▶ _Available data_

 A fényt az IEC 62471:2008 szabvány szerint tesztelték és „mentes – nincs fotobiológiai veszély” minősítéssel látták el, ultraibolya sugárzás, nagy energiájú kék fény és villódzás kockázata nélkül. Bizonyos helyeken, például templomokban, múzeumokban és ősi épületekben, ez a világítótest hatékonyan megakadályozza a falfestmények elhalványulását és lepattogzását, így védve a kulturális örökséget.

...

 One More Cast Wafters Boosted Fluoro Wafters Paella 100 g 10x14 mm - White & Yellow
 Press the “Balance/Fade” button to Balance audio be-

▶ _Exercise requirements_
Begin at the line above that has "One More Cast" and stop after the line that has "button to Balance", copying each line exactly and adding nothing else.

▶ _Problem solution_
 One More Cast Wafters Boosted Fluoro Wafters Paella 100 g 10x14 mm - White & Yellow
 Press the “Balance/Fade” button to Balance audio be-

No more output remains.